English Bards and Scotch Reviewers: A Satire

'I had rather be a kitten, and cry mew!
Than one of these same metre ballad-mongers'~Shakespeare

'Such shameless bards we have; and yet 'tis true,
There are as mad, abandon'd critics too,'~Pope.


Still must I hear? -- shall hoarse Fitzgerald bawl
His creaking couplets in a tavern hall,
And I not sing, lest, haply, Scotch reviews
Should dub me scribbler, and denounce my muse?
Prepare for rhyme -- I'll publish, right or wrong:
Fools are my theme, let satire be my song.

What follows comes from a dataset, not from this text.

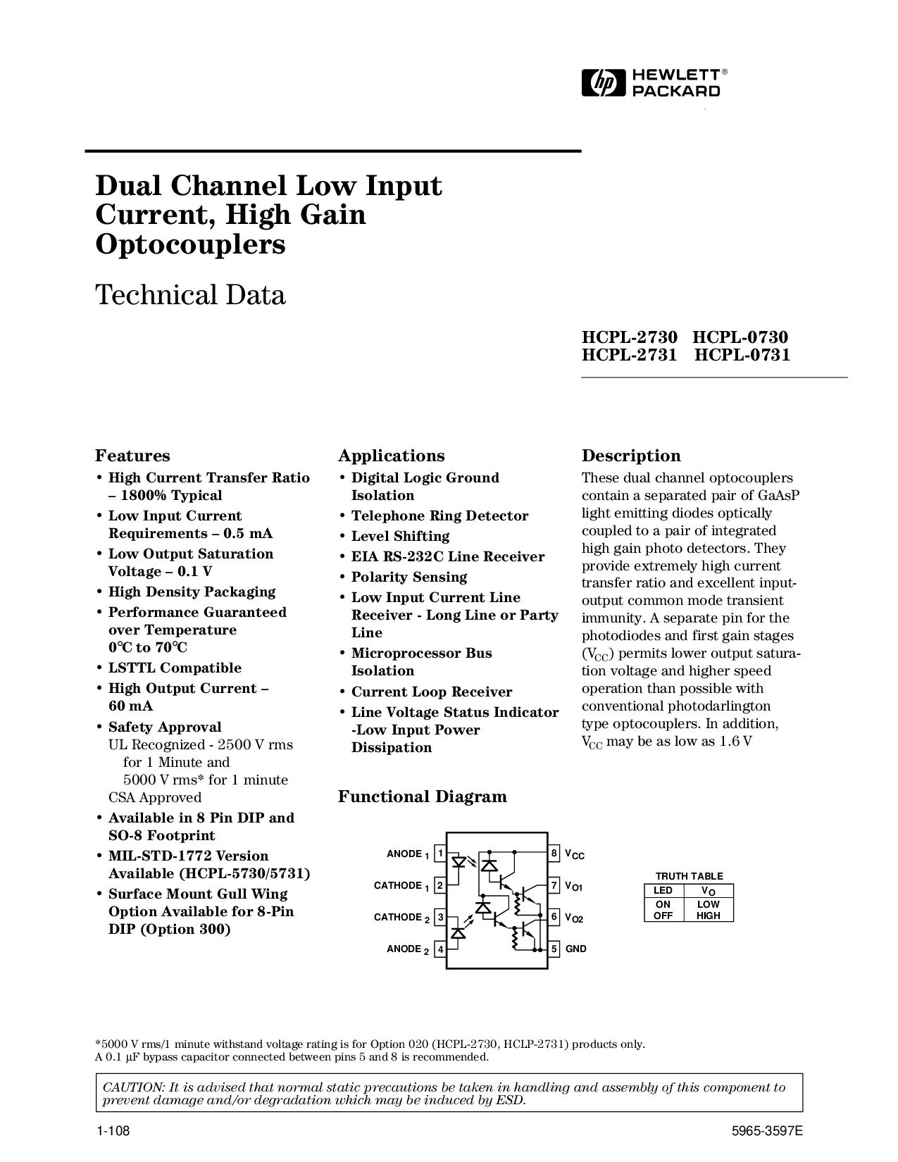 *5000 v rms/1 分钟 承受 电压 评级 是 用于 选项 020 (hcpl-2730, hclp-2731) 产品 仅.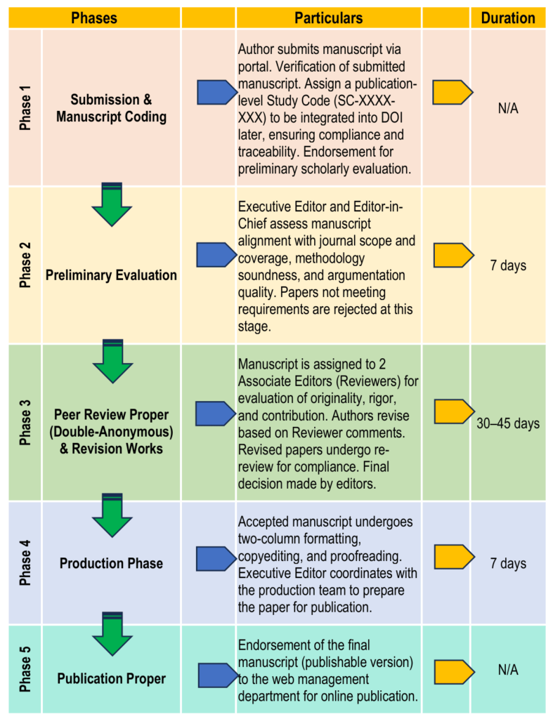 For manuscripts that pass the initial screening, the process moves into double-anonymous peer review proper, which spans approximately 30 to 45 days from submission to acceptance. At this stage, the Executive Editor, in coordination with the Editor-in-Chief, assign the manuscript to 2 qualified Reviewers (Associate Editors) who critically evaluate its originality, methodological rigor, and contribution to the field. Reviewers provide detailed comments and constructive suggestions, which are then communicated to the authors. Authors are expected to revise their manuscripts in response to these comments, applying the necessary rigor to strengthen their work. Revised manuscripts will undergo re-review to ensure that the revisions adequately address the reviewers’ concerns. The executive editor, in consultation with the editor-in-chief, makes the final decision to accept or reject the manuscript based on the reviewers’ recommendations and the quality of the revisions.

O nature's noblest gift -- my grey goose-quill!
Slave of my thoughts, obedient to my will,
Torn from thy parent bird to form a pen,
That mighty instrument of little men!
The pen! foredoom'd to aid the mental throes
Of brains that labour, big with verse or prose,
Though nymphs forsake, and critics may deride,
The lover's solace, and the author's pride.
What wits, what poets dost thou daily raise!
How frequent is thy use, how small thy praise!
Condemn'd at length to be forgotten quite,
With all the pages which 'twas thine to write.
But thou, at least, mine own especial pen!
Once laid aside, but now assumed again,
Our task complete, like Hamet's shall be free;
Though spurn'd by others, yet beloved by me:
Then let us soar today, no common theme,
No eastern vision, no distemper'd dream
Inspires -- our path, though full of thorns, is plain;
Smooth be the verse, and easy be the strain.

When Vice triumphant holds her sov'reign sway,
Obey'd by all who nought beside obey;
When Folly, frequent harbinger of crime,
Bedecks her cap with bells of every clime;
When knaves and fools combined o'er all prevail,
And weigh their justice in a golden scale;
E'en then the boldest start from public sneers,
Afraid of shame, unknown to other fears,
More darkly sin, by satire kept in awe,
And shrink from ridicule, though not from law.

Such is the force of wit! but not belong
To me the arrows of satiric song;
The royal vices of our age demand
A keener weapon, and a mightier hand.